◆ Required work ◆
Output the entries as they appear, skipping images.

◆ Data ◆
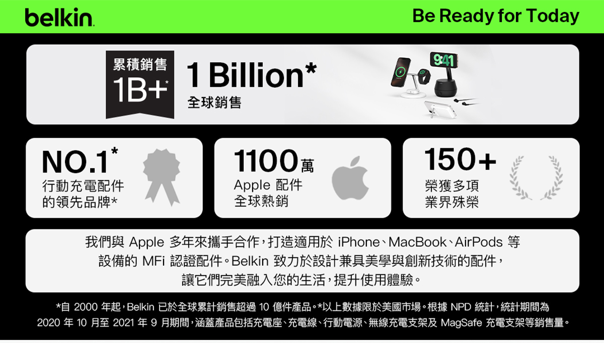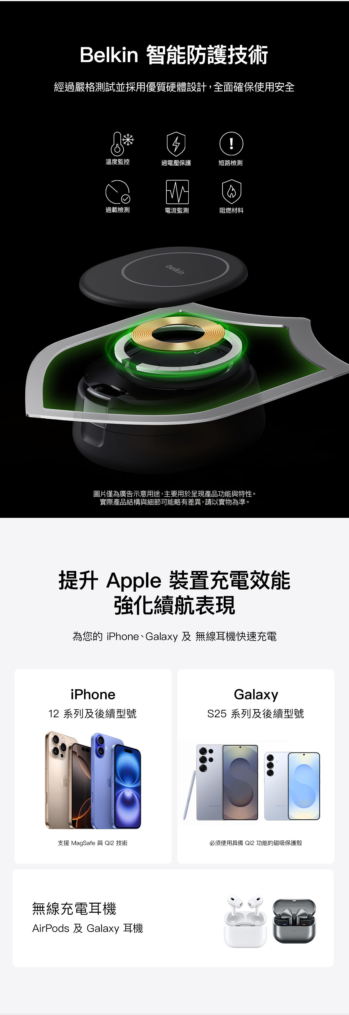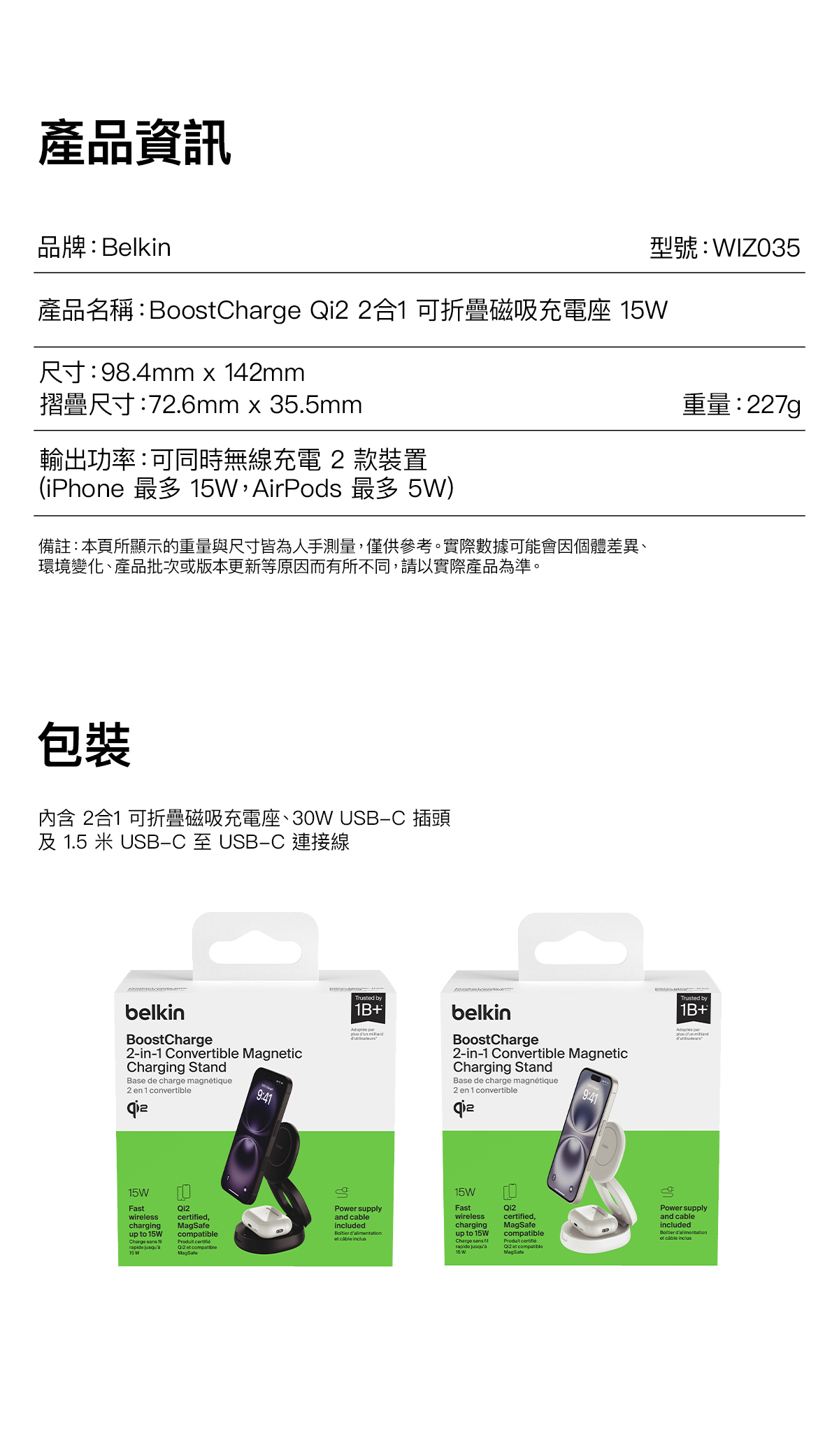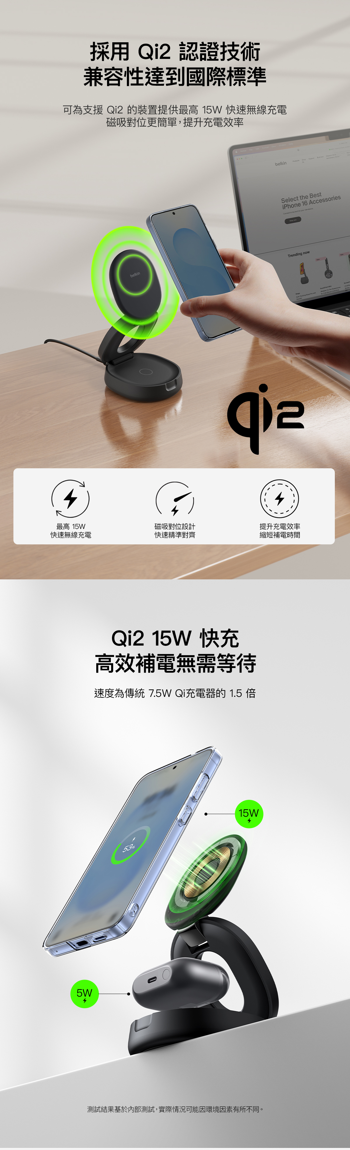 2 合 1 可轉換磁吸充電座結合了便利性與 Qi 及 MagSafe 裝置的兼容性。在橫向或縱向模式下為 iPhone 快速充電,最高可達 15W;為 AirPods 充電,最高可達 5W。其精巧的旅行適用設計,重量輕且可摺疊,配重底座可確保穩定性。
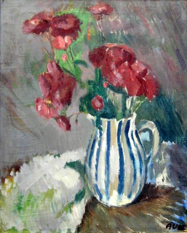 Ulmer, Axel Johannes (1884-) Danmark: Opstilling med blomster i en stribet kande på et bord. Olie på lærred. Signeret: Monogram 31. 58 x 45 cm. Med gråmalet samtidig ramme.
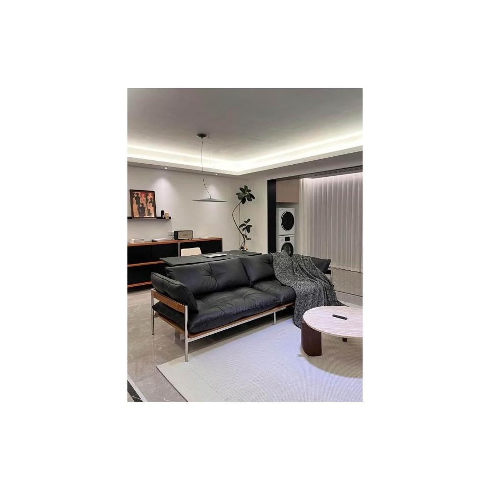 中古復古風黑色真皮沙發小戶型客廳包豪斯意式實木雲朵直排新款
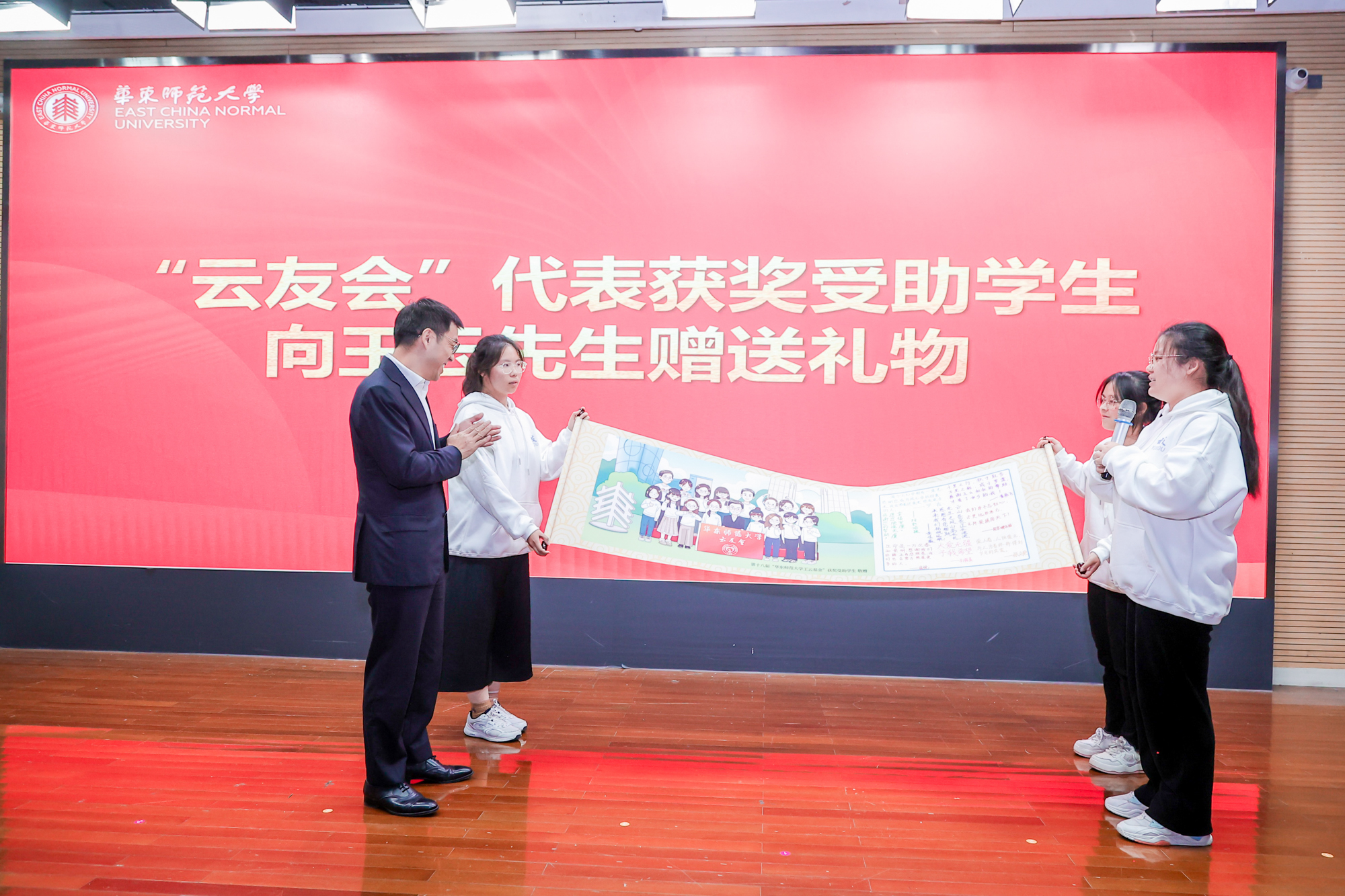 王云在寄语中感谢了上海市慈善基金会和永利皇宫登录官网对“王云基金”的积极推动,并高度肯定了云友会和“王云梦想加油站”的育人成效。他表示,“捐资助学、帮困育人”是自己设立“王云基金”的初心,希望能给予优秀同学们的不仅仅是物质上的帮助,更多的是心灵上的鼓励;他也将会继续与华东师大加强合作,不断创新资助模式,并与社会各界的爱心人士携手努力,为更多学生点亮希望之光。
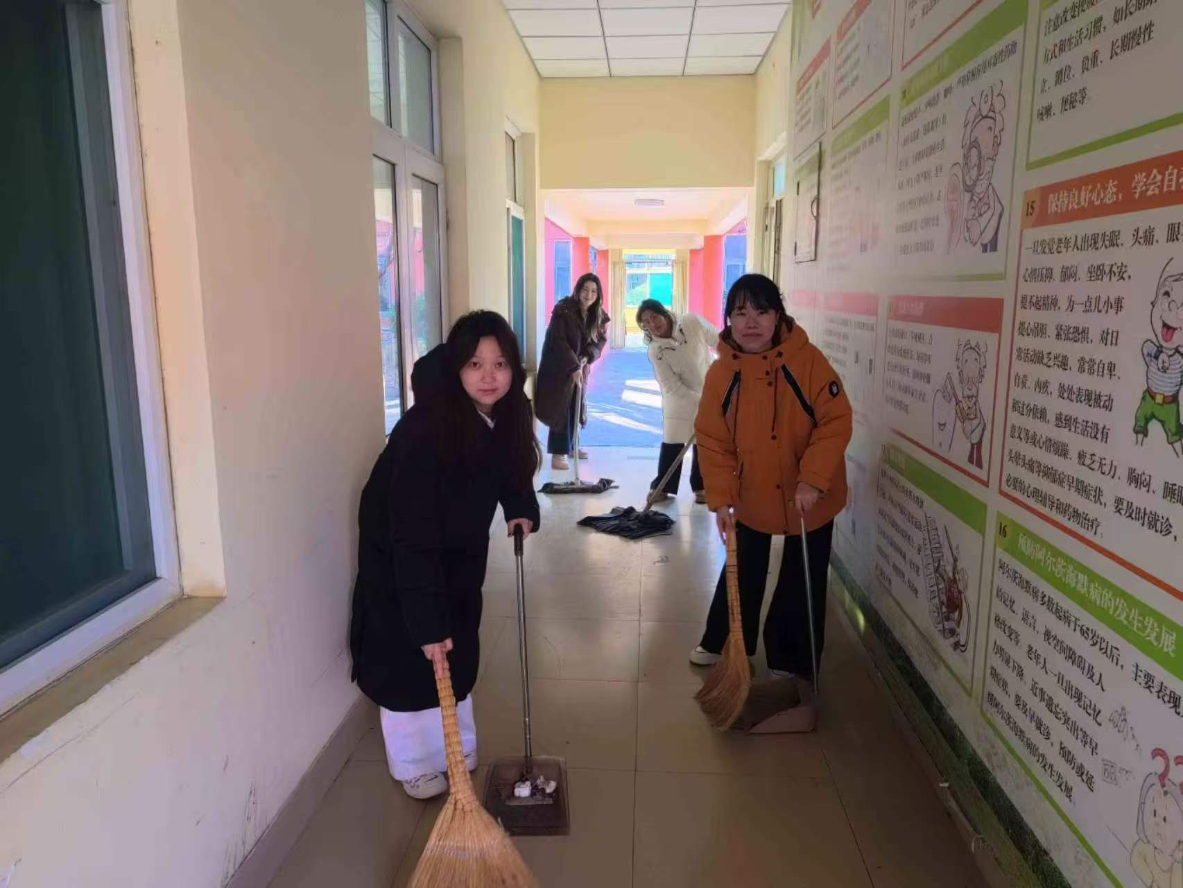 活動當天,實踐團的同學們帶著精心準備的水果、糕點和文藝節目,滿懷熱情地走進敬老院。剛一抵達,大家便兵分兩路,迅速投入到社會實踐活動中。同學們拿起掃帚、抹布,認真打掃敬老院的庭院、走廊和活動室。另一部分同學們則圍坐在老人身邊,與他們嘮家常、憶往昔,耐心傾聽老人講述過去的故事,細致詢問他們的飲食起居和身體狀況。
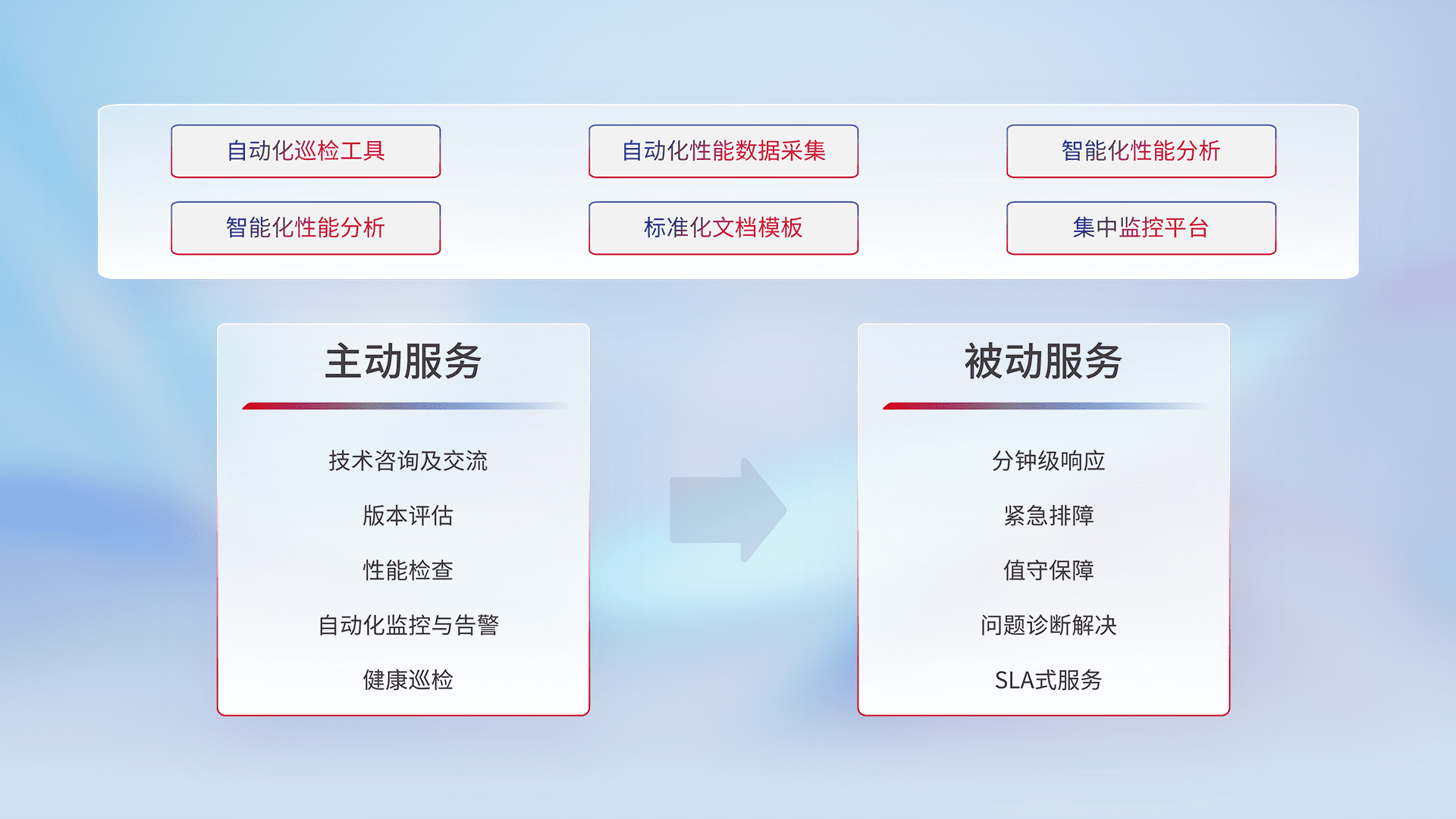 智能化工具和标准化文档,,保障服务质量,,,提供主动服务(包含技术咨询、、、版本评估、、、性能检查、、、自动化监控与告警、、、、健康巡检)和被动服务包含(分钟级响应、、、紧急排障、、、值守保障、、、问题诊断解决、、SLA服务)。。
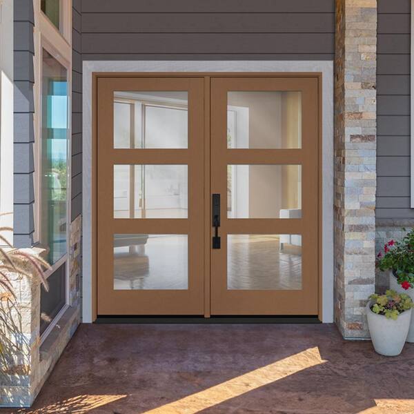 Regency 72 in. x 80 in. Modern 3L Equal Clear Glass Autumn Wheat RHIS Stained Fiberglass Retro Patio Door with 4" Jamb
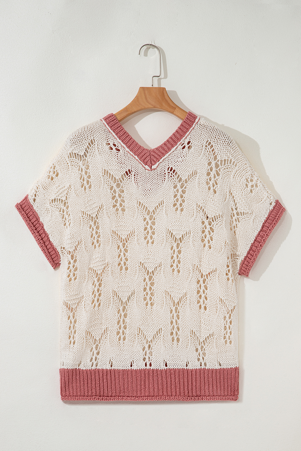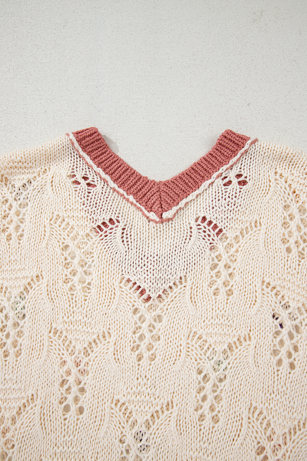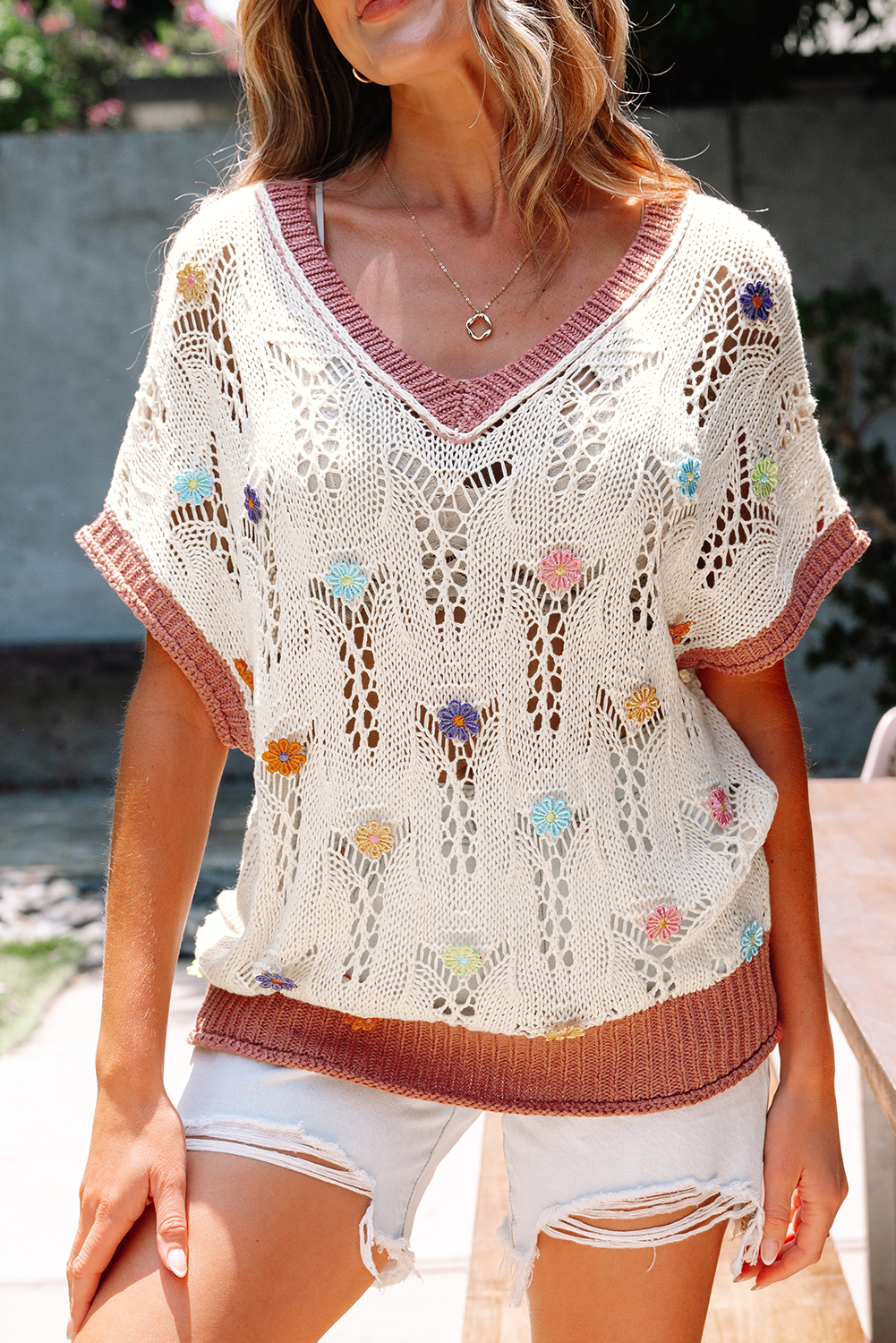 Delicacy Embroidered Flowers Colorblock Edge Hollowed Sweater

◆ Output below ◆
 2 合 1 可轉換磁吸充電座結合了便利性與 Qi 及 MagSafe 裝置的兼容性。在橫向或縱向模式下為 iPhone 快速充電,最高可達 15W;為 AirPods 充電,最高可達 5W。其精巧的旅行適用設計,重量輕且可摺疊,配重底座可確保穩定性。
 Ulmer, Axel Johannes (1884-) Danmark: Opstilling med blomster i en stribet kande på et bord. Olie på lærred. Signeret: Monogram 31. 58 x 45 cm. Med gråmalet samtidig ramme.
 中古復古風黑色真皮沙發小戶型客廳包豪斯意式實木雲朵直排新款
 王云在寄语中感谢了上海市慈善基金会和永利皇宫登录官网对“王云基金”的积极推动,并高度肯定了云友会和“王云梦想加油站”的育人成效。他表示,“捐资助学、帮困育人”是自己设立“王云基金”的初心,希望能给予优秀同学们的不仅仅是物质上的帮助,更多的是心灵上的鼓励;他也将会继续与华东师大加强合作,不断创新资助模式,并与社会各界的爱心人士携手努力,为更多学生点亮希望之光。
 活動當天,實踐團的同學們帶著精心準備的水果、糕點和文藝節目,滿懷熱情地走進敬老院。剛一抵達,大家便兵分兩路,迅速投入到社會實踐活動中。同學們拿起掃帚、抹布,認真打掃敬老院的庭院、走廊和活動室。另一部分同學們則圍坐在老人身邊,與他們嘮家常、憶往昔,耐心傾聽老人講述過去的故事,細致詢問他們的飲食起居和身體狀況。
 智能化工具和标准化文档,,保障服务质量,,,提供主动服务(包含技术咨询、、、版本评估、、、性能检查、、、自动化监控与告警、、、、健康巡检)和被动服务包含(分钟级响应、、、紧急排障、、、值守保障、、、问题诊断解决、、SLA服务)。。
 Regency 72 in. x 80 in. Modern 3L Equal Clear Glass Autumn Wheat RHIS Stained Fiberglass Retro Patio Door with 4" Jamb
 Delicacy Embroidered Flowers Colorblock Edge Hollowed Sweater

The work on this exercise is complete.